You heard it 47 times. Cafés. TikTok. Instagram Reels. Your brain coded it as correct.
Helvetica feels clean and timeless because you've seen it a million times. Papyrus feels cheap because yoga studios overused it in 2009. Same mechanism. Different exposure levels.
Millennial gray. Subway tile. Farmhouse sinks. Open-concept kitchens.
None of these are objectively better design choices. Endless content made them ubiquitous. Ubiquitous became aspirational. Aspirational became taste.
Now they feel dated. Aesthetic didn’t change. Volume did.
Your taste is downstream of what you're exposed to. Tho exposure is controlled by platforms, algorithms, and media. Not you.
Finance, trust fund, 6'5, blue eyes.
Compressed taste. A whole personality flattened into a uniform.
Stereotypes are taste that stopped evolving. Shortcuts that worked so well, they became costumes.
Black turtleneck means tech visionary. Oversized blazer with tiny sunglasses means creative. Patagonia vest means finance bro who peaked in 2015.
Once taste becomes a costume, it stops being taste. It's cosplay. (performing, not expressing, you know!)
Supreme box logo used to mean you were deep in the culture. Then it meant you waited in line.
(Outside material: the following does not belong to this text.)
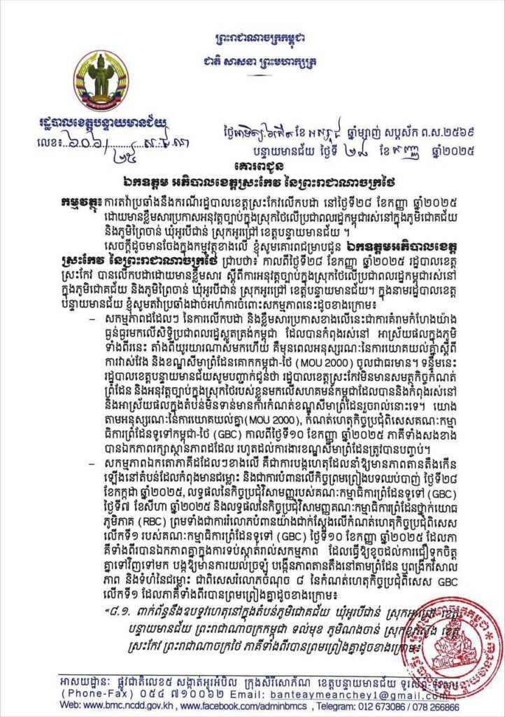 អភិបាលខេត្តុបន្ទាយមានជ័យ បានជម្រាបជូន ឯកឧត្តមអភិបាលខេត្ត ស្រះកែវ នៃព្រះរាជាណាចក្រថៃ ជ្រាបថា៖ កាលពីថ្ងៃទី២៨ ខែកញ្ញា ឆ្នាំ២០២៥ រដ្ឋបាលខេត្ត ស្រះកែវ បានលើកបដាដោយមានខ្លឹមសារ ស្តីពីការអនុវត្តច្បាប់ក្នុងស្រុកថៃលើប្រជាពលរដ្ឋកម្ពុជារស់នៅ ក្នុងភូមិជោគជ័យ និងភូមិព្រៃចាន់ ឃុំអូរបីជាន់ ស្រុកអូរជ្រៅ ខេត្តបន្ទាយមានជ័យ។ ក្នុងនាមរដ្ឋបាលខេត្ត បន្ទាយមានជ័យ ខ្ញុំសូមតវ៉ាប្រឆាំងដាច់អហំការចំពោះសកម្មភាពនេះដូចខាងក្រោម៖

Then it meant you bought it off StockX. The taste signal flipped. What used to mean "insider" now means "you paid for access."
The internet is full of "how to develop your personal style" guides that all recommend the same five things. Neutral tones. Quality basics. Timeless pieces.
Timeless according to who?
Timeless because it's been repeated so many times, it feels safe?
Safe isn't taste. Safe is the absence of it.
Rejecting taste is still taste
"I don't care about aesthetics."
That sentence is dripping with taste. Not caring is a position. Positions are taste.
Anti-design is design. Craigslist. Drudge Report. Old Reddit. Refusing to polish is a choice. That choice signals something. To someone, it means authenticity. To someone else, it means you're not serious.
Both are taste readings.
Choosing the default is still a choice. Google Docs with Times New Roman and zero formatting. That communicates something. Maybe you didn't intend it. Still counts.
Zuckerberg's gray t-shirts aren't "no taste." They're "I have so much taste I eliminated variables." That's a flex. Taste as constraint and control.
Meanwhile, someone wearing graphic tees with ironic slogans is also making a taste call. Different aesthetic. Same mechanism.
You can't opt out. Even opting out is participation.
SO WHAT DO YOU ACTUALLY DO WITH THIS?
Audit your taste for inherited bullshit.
Ask yourself:
Do I actually like this, or do I like that other people like this?
Would I choose this if no one was watching?
Am I following a hierarchy I never questioned?
Strip away the likes. The comments. The group chat validation.
What's left?
Notice.
Why you chose the window seat. Why you skipped that song halfway through. Why you reworded that text three times.
The noticing is the work. Paying attention to patterns you're already running.
Taste sharpens when you make things. It doesn't form in private. You test, fail, notice why. That's the education.
Then, choose one hierarchy to break.
Wear the thing that doesn't fit your industry. Choose the "wrong" font. Write the post that sounds nothing like your feed.
That gap between your taste and consensus? Exactly where your point of view lives.
Your job isn't to convince everyone. It's to trust it long enough to see if you were right.